Why is docker not completely deleting my file? - docker

I am trying to build using:
FROM mcr.microsoft.com/dotnet/core/sdk:2.1 AS builder
COPY pythonnet/src/ pythonnet/src
WORKDIR /pythonnet/src/runtime
RUN dotnet build -f netstandard2.0 -p:DefineConstants=\"MONO_LINUX\;XPLAT\;PYTHON3\;PYTHON37\;UCS4\;NETSTANDARD\" Python.Runtime.15.csproj
# copy myApp csproj and restore
COPY src/myApp/*.csproj /src/myApp/
WORKDIR /src/myApp
RUN dotnet restore
# now copy everything else as separate docker step
# (copy to staging folder, remove csproj, and copy down - so we don't overwrite project above)
WORKDIR /
COPY src/myApp/ ./staging/src/myApp
RUN rm ./staging/src/myApp/*.csproj \
&& cp -r ./staging/* ./ \
&& rm -rf ./staging
This was working fine, and in Windows 10 still does, but in CentOS 7 I get:
Step 10/40 : RUN rm ./staging/src/myApp/*.csproj && cp -r ./staging/* ./ && rm -rf ./staging
---> Running in 6b17ae0fae89
cp: cannot stat './staging/src/myApp/myApp.csproj': No such file or directory
Using ls instead of cp throws a similar file not found error, so it looks like Docker still knows about myApp.csproj but cannot see it since it has been removed.
Is there a way around this? I have tried using rsync but similar problems.
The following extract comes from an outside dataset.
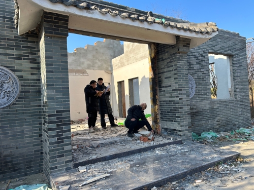 近日,亭湖区审计局聚焦清障补偿审计工作,组织审计人员深入新场田园综合体项目一线,对照项目现状图、评估报告等资料开展实地勘查,精准核验建筑面积、结构类型等关键数据,重点比对实际工程量与补偿申报数据的一致性,切实保障项目补偿工作公平公正、合规有序。图为审计人员复核房屋建筑物工程量现场。(蔡静静邵小荔)

I simply ignored the issue by tacking on ;exit 0 on the offending lines. Not great, but does the job.
EDIT: This worked for me as I cannot upgrade the version of CemtOS. If you can, check out Alexander Block's answer.

I don't know specifically how to solve this problem as there's a lot of context in the filesystem that you haven't (and probably can't) share with us.
My suggestion on a strategy is that you:
comment out all lines from the failing one 'til the end of the Dockerfile
build the partial image
docker exec -it [image] bash to jump into the image
poke around and figure out what's going wrong
repeat 1-4 until things work as expected
It's not as fun as a perfectly insightful answer of course but this is a relentlessly effective algorithm even if it's tedious and annoying.
EDIT
My wild guess is that somehow, someway the linux machine doesn't have the file where it's expected for some reason and so it doesn't get copied into the image at all and that's why the docker build process can't find it. But there's no way to know without debugging the build process.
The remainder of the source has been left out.